I understand the ideas of supply and demand just fine. I understand that a drop in price creates a surge of demand, which will, as a result, bump prices up again, so I definitely understand the economy better than Hilary Clinton and John McCain, but then they had to throw in all these freaking equations! My book is tossing out equations like they’re going out of style, monstrous equations the size of skyscrapers with grizzly bears for arms! You’ve got to subtract this from this, and then multiply it by that, and then subtract it from another thing, and then divide it by the second thing you subtracted it from, and then, just for the hell of it, you multiply it by 100! And at that point you’re only half done, because you’ve got to do something similar to another set of numbers and then, when you’ve forced these numbers to jump through hoops and do unspeakable things to one another, you take each equation’s bastard child and start grinding them together until, after a few years, you might potentially have a number that corresponds to one of the multiple answers on the test. However, when I attempt to do these equations, the results that my calculator vomits out are a near incomprehensible jumble of integers and decimal points; a numeric “Garden of Earthly Delights”, if you will.

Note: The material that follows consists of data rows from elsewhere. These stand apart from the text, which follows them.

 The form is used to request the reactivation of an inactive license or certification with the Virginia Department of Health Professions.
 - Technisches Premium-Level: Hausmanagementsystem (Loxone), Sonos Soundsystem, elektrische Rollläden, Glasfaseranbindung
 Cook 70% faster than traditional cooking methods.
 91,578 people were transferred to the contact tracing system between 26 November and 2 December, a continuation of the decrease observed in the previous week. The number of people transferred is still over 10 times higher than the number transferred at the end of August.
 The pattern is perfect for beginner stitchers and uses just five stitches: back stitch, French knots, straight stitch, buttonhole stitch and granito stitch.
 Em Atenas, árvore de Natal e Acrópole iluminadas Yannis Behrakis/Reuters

I like to live my life pretending that I’m smarter than just about everybody else on Earth, but when I’m reduced to intellectual rubble by a class that frat boy business majors are excelling at, I can no longer sign my name as “Truman Capps, Certified Genius” in good conscience. This is all too familiar a replay of the 11 years I spent struggling with math in my pre-college education. It will not stand, and I have taken the proper measures for my own well-being:

I no longer believe in math.*

*Since economics spurred this, it goes without saying that I don’t believe in the economy anymore either. I now consider trade, banks, inflation, and all other day-to-day elements of what you know as an “economy” to be the work of a pack of particularly bookish witches.

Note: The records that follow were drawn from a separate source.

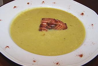 Faites-les revenir 5 minutes dans une grande poêle antiadhésive sans lmatière grasse. Mixez le mélange aux pois cassés, salez et poivrez.
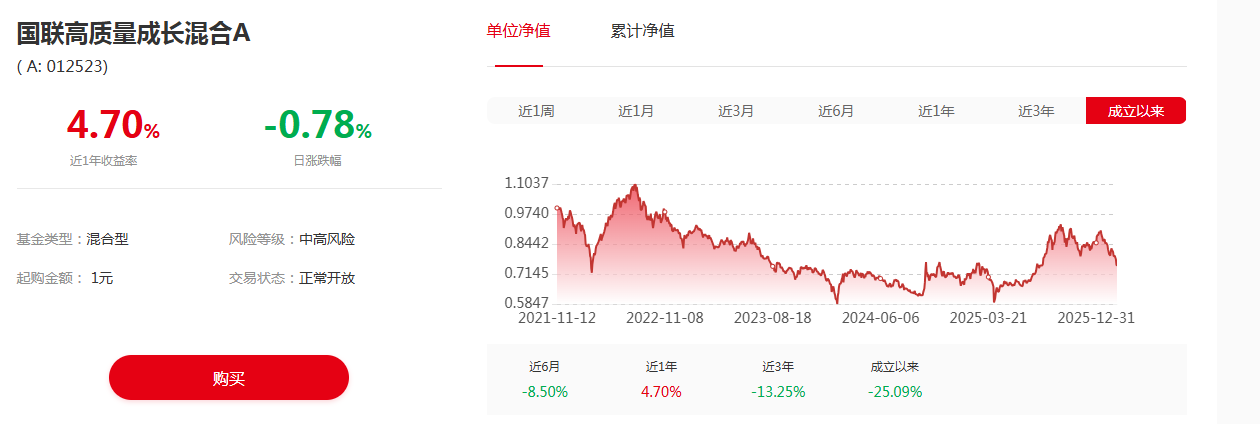 Wind数据显示,截至2026年3月4日,国联高质量成长混合A成立4年多净值累计下跌25.09%,跑输业绩基准超过20个百分点;过去1年净值上涨4.7%,同类排名4097/4478;2026年以来净值下跌11.8%,跑输业绩基准超过10个百分点。
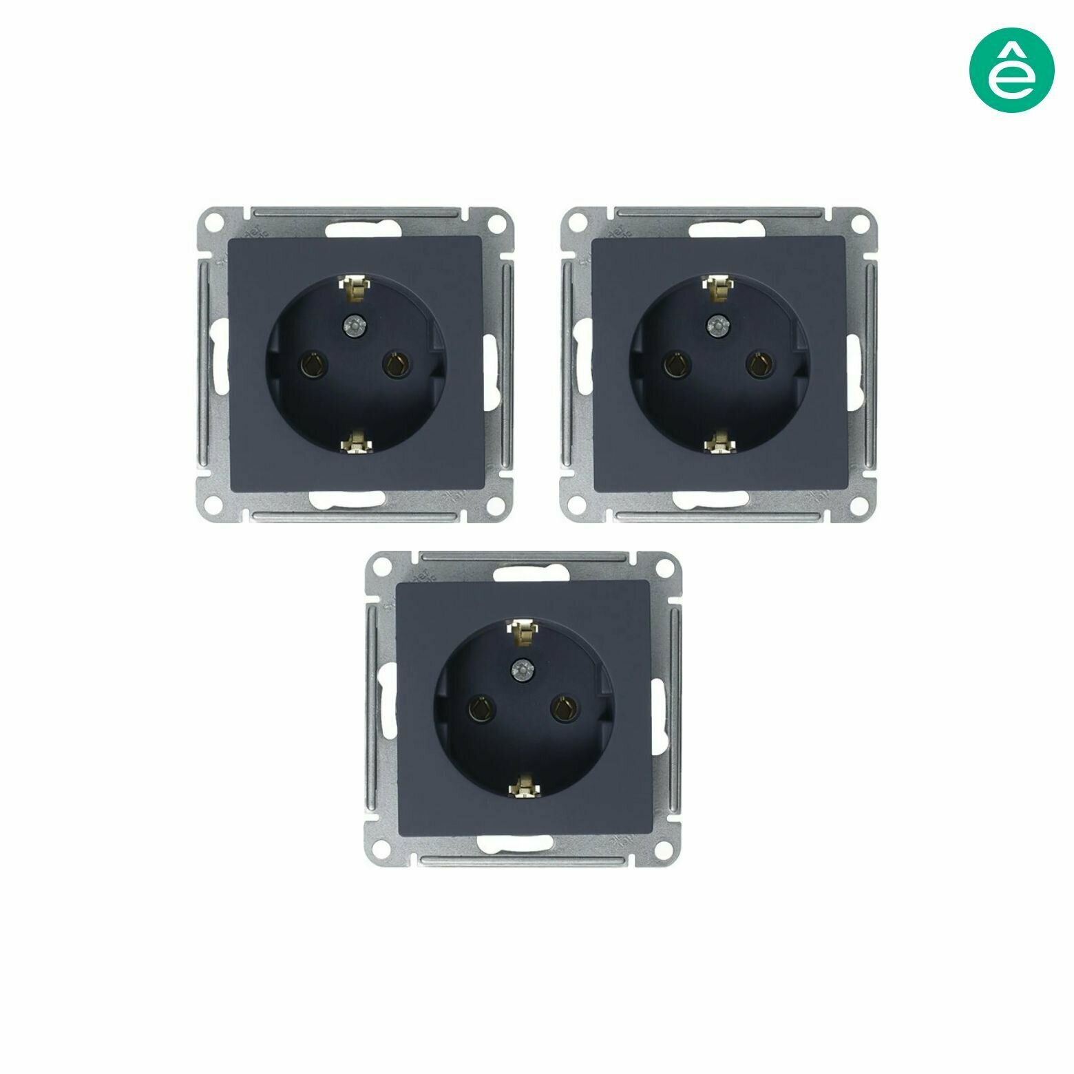 Schneider Electric AtlasDesign Розетка с заземлением, 16А, механизм розетки, цвет Черный (Карбон) ATN001043 10шт

One of the many reasons I don’t believe in God is because I can’t verify His existence. How different from that is math? In my textbooks are equations so grand that they doubtless have their own ZIP codes, equations that, when performed, magically produce the correct answer like some sort of incredibly boring Rube Goldberg machine. I’ve tried my very hardest, but I can’t reproduce these results on my own; from a scientific perspective, as far as I’m concerned math is a mere theory.* It just doesn’t make sense to me. Take Algebra for instance: A + B = C – it’s all well and good until you remember that you can’t add letters! Don’t try to argue, I’m the expert here (I was almost an English major). You can just as soon add one letter to another as you can add North Dakota to cheese. I just don’t see the point in adopting a form of study based around the teachings of a civilization that ceremonially ripped the brains out of their dead by way of the nose.

*If every school system in the South has decided that Evolution, something I believe in, is a mere theory, then I can do the same about math, something everyone else believes in.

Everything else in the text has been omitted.